The United States, the top destination for Chinese emigrants, requires they invest US$1 million, or at least US$500,000 in a targeted employment area, according to the US Citizenship and Immigration Services.
In 2013, three-quarters of US investment immigration visas were issued to Chinese nationals, with 6,124 Chinese receiving US green cards through the scheme - almost eight times more than in 2010, according to the annual Report on Chinese International Migration 2014, published by the Centre for China and Globalisation. The report says the number of Chinese immigrants reached 9.34 million last year, and China is now the world's fourth-largest source country for migrants.
Besides the Bank of China's Youhuitong service, which has come under scrutiny after state media alleged it may be breaking foreign exchange laws, the following seven methods are used to transfer money overseas.
Family and friends
Split the transfer among as many identities as possible. With 20 people, it's easy to transfer US$1 million out of the country.

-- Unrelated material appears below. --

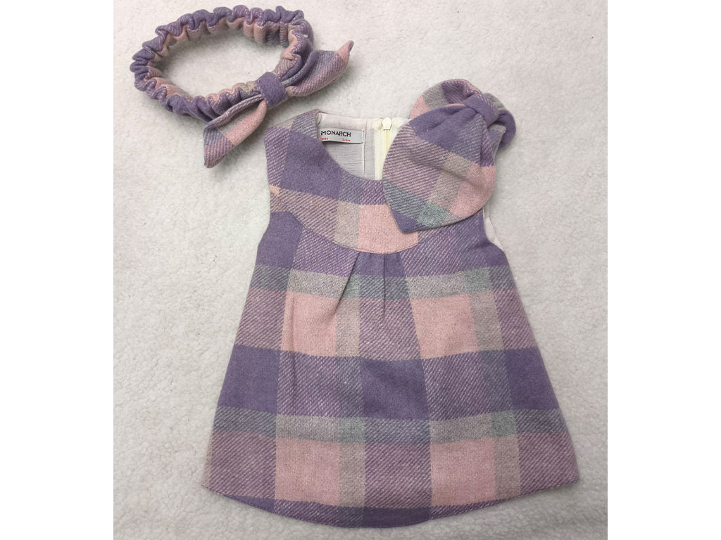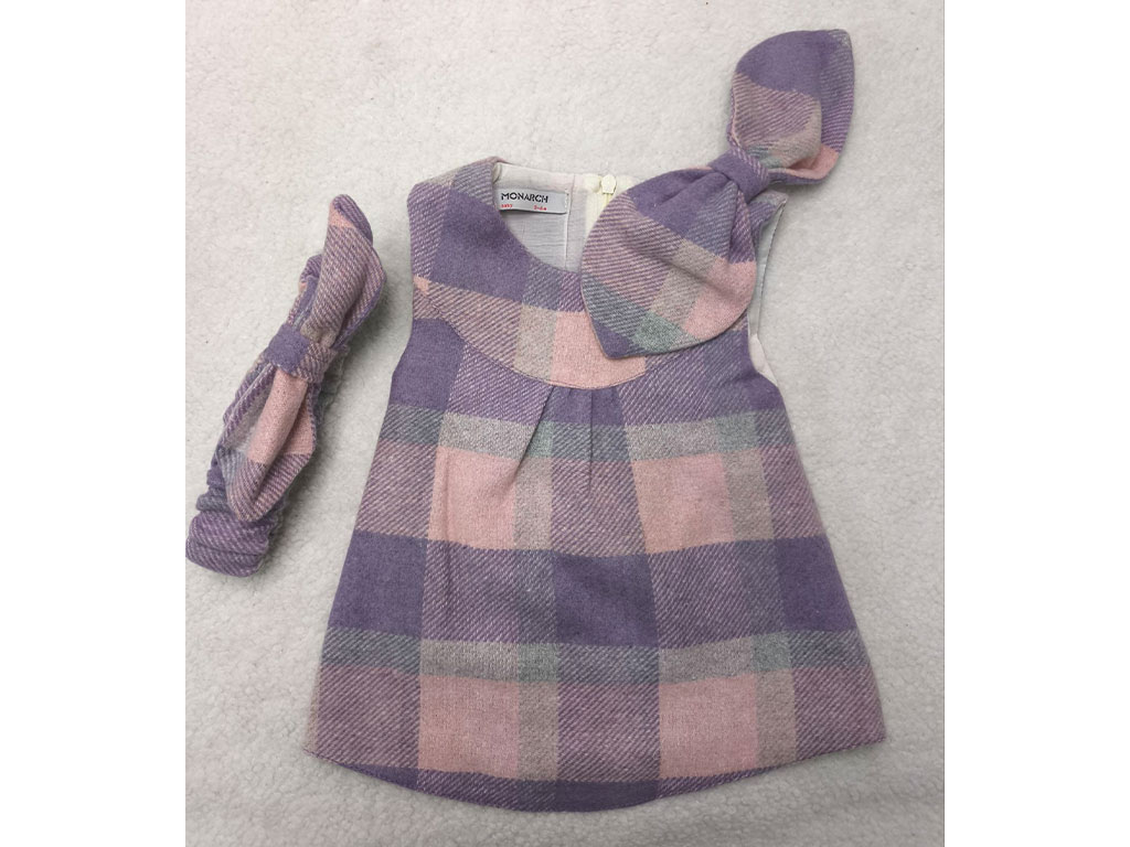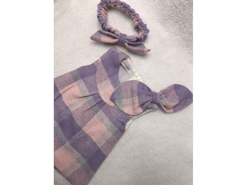 سارافون پاپیون صورتی یاسی چهارخانه هدبند دار

This has been a popular way to avoid the restrictions. It is also low in cost. Many think it's the best method for transfers of less than US$1 million.
Underground money changers
A client transfers funds to the money changer's mainland account first. Then the money changer will remit the equivalent in foreign currency to the customer's overseas account. However, these underground money changers usually only do business with people they know. Immigration agencies may help introduce them.
Banks on the mainland help their wealthy clients open overseas accounts within the same bank. After that, they can apply for loans overseas and get foreign currency. Usually this method requires deposits of between 6 million and 10 million yuan (HK$7.5 million to HK$12.6 million).
After setting up offshore companies, owners on the mainland can either use fake trade contracts to transfer money or they can report high import prices and low export prices to help money flow overseas.
Direct business investment
Company owners or board members can choose to invest in foreign companies. It's easy for them to transfer money out. State authorities have been encouraging private companies to expand overseas and have cut out many complicated procedures on foreign exchange.
People who have married a foreign citizen can more easily transfer money out.
Travel with cash
For those who choose to take a large risk.